In a quiet lane, sandwiched between old houses and a puri-bhaji stall, is the Nucleus mall, one of four shopping malls in Ranchi, a city of over 10 lakh. The malls have long been popular for their cinemas and cafés. But Nucleus is now also home to Hoppipola, a casual-dining restaurant and bar, popular with under-25s that is part of a chain with outlets in six other cities.

It’s Ranchi’s first restopub, and it’s been greeted with considerable excitement. “Every time I visited Hoppipolas in Mumbai and Pune, I would wish we had such pubs at home,” says Ranchi-based fashion designer Swastika Stuti, 25. “There was only one sports bar in the city before. So, when I saw a billboard about Hoppipola opening in Ranchi last December, I was very excited. My friends and I visited five days in a row the week it opened.”

Hoppipola caters to the moneyed Ranchi youngster. It has velvet couches, selfie corners, dim lighting, and cocktails with naughty names like Sex On The Roof. It also has a microbrewery, Jharkhand’s first.

“The young people of Ranchi, who have corporate jobs or have moved from neighbouring towns for higher studies or hail from affluent families, would earlier go drinking to four-star hotels. Now, they are coming here,” says manager Koustav Ghosh.

Avik Chatterjee, head of innovations and new formats at Speciality Restaurants (which also owns the Oh! Calcutta and the Mainland China brands), says they wanted first-mover advantage. “Ranchi is an educational hub and ‘pubbing’ is catching on.” They plan to open them in Lucknow, Chandigarh, Indore and Bhubaneswar.

“Today, the business potential of Tier-2 cities is as much as that of big cities. It’s possible to turn a profit because the overheads are lower. Rents, for instance, can often be four times lower than that in a city like Delhi or Mumbai,” says restaurateur Zorawar Kalra

Restaurateurs battling high rent, space crunch and a saturated market on the Mumbai-Delhi-Bengaluru circuit are expanding to smaller cities. Not only are eateries cheaper to operate, the millennials there are hungry for novelties like ricotta ravioli, khow suey and chipotle burgers.

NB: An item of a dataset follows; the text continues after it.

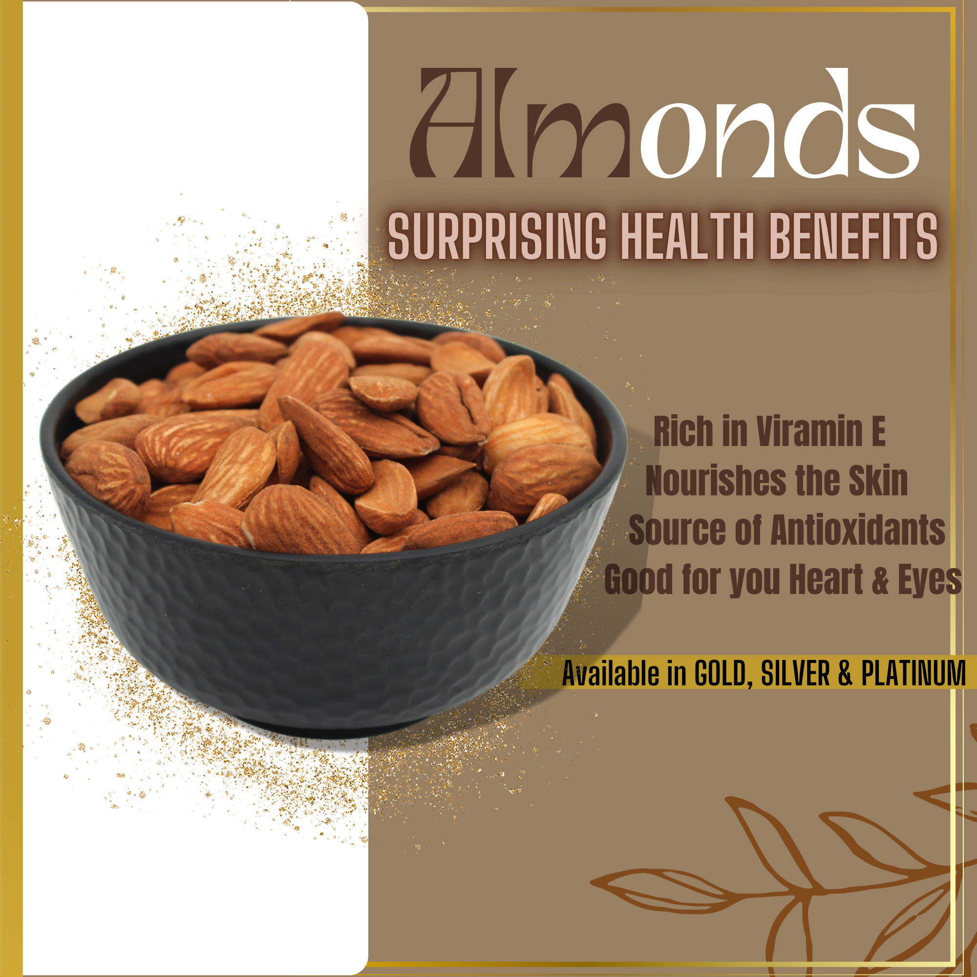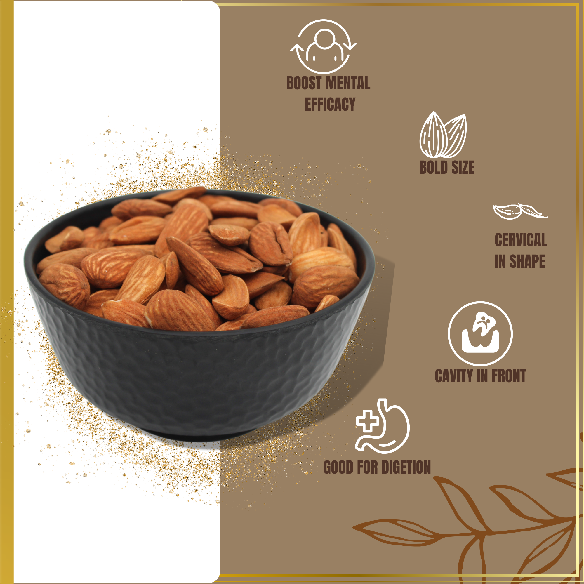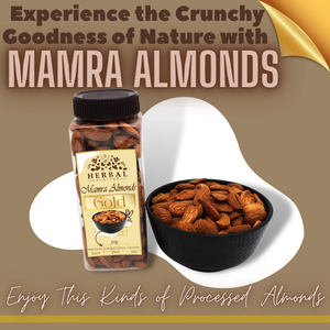 Mamra Almonds Gold are known as the king of all almonds — rare, handpicked, and naturally grown without any chemical processing. This premium grade is cherished for its intense crunch, sweet buttery taste, and exceptionally high natural oil content, making it a true luxury for health and taste.
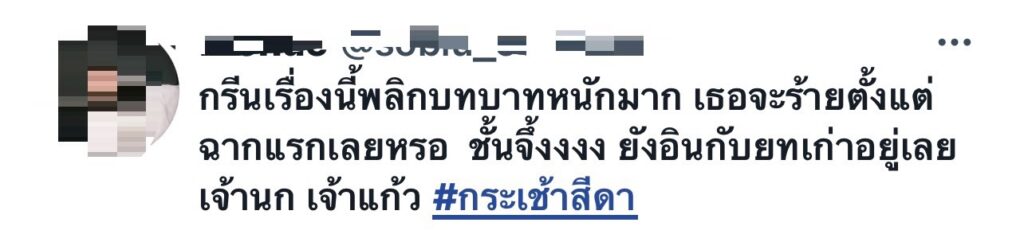 เล่นร้ายได้ถึงอกถึงใจคนจนเข้าไปอยู่ในใจของแฟนละครไปเป็นที่เรียบร้อย สำหรับ กรีน–อัษฎาพร สิริวัฒน์ธนกุล ที่ฟาดฝีมือแสดงแสนยานุภาพทางการแสดงร้ายได้อย่างสุดขั้วกับบทบาทของ รำนำ ใน กระเช้าสีดา ผลิตโดยCHANGE2561 เพียง Ep. แรกแฟนละครต่างก็เข้าคอมเมนต์อย่างร้อนแรงกันฉากต่อฉากอินจัดจนอยากทะลุจอเข้าไปฟ้อนเล็บ สาวกรีน เล่นได้ดีเข้าได้ถึงบทแบบนี้เอาคะแนนเต็มสิบไม่หักไปเลยจ๊ะ

As they expand to smaller towns, restaurateurs are localising the menu and decor and hiring local staff.

Earlier this year, restaurateur Zorawar Kalra opened the ninth outlet of the modern-Indian bistro, Farzi Café, at the Radisson Jaipur City Center in the heart of the Pink City. Locals and tourists drop in for dressed-up versions of traditional foods like the Rajasthani pyaaz ki kachori and ghewar. Their version of the kachori is bite-sized, topped with masala jackfruit and aloo rassa reduction. The ghewar, usually heavy, is reinvented as a creamy tart with foamy saffron air.

Farzi’s next stop is Lucknow, where it opens this month. Kalra has also included Indore, Siliguri and Belgaum in his plans.

“Today, the business potential of Tier-2 cities is as much as that of big cities. Sometimes, restaurants in smaller cities outperform those in the metros,” says Kalra, founder and managing director of Massive Restaurants, which owns Farzi Café among other restaurant brands.

In February, Delhi’s party hub The Flying Saucer Café launched in Lucknow. With a sprawling space of 8,000 sq ft, plush leather couches and subdued lighting, the cafe replicates its Delhi vibe in the Tier-2 city.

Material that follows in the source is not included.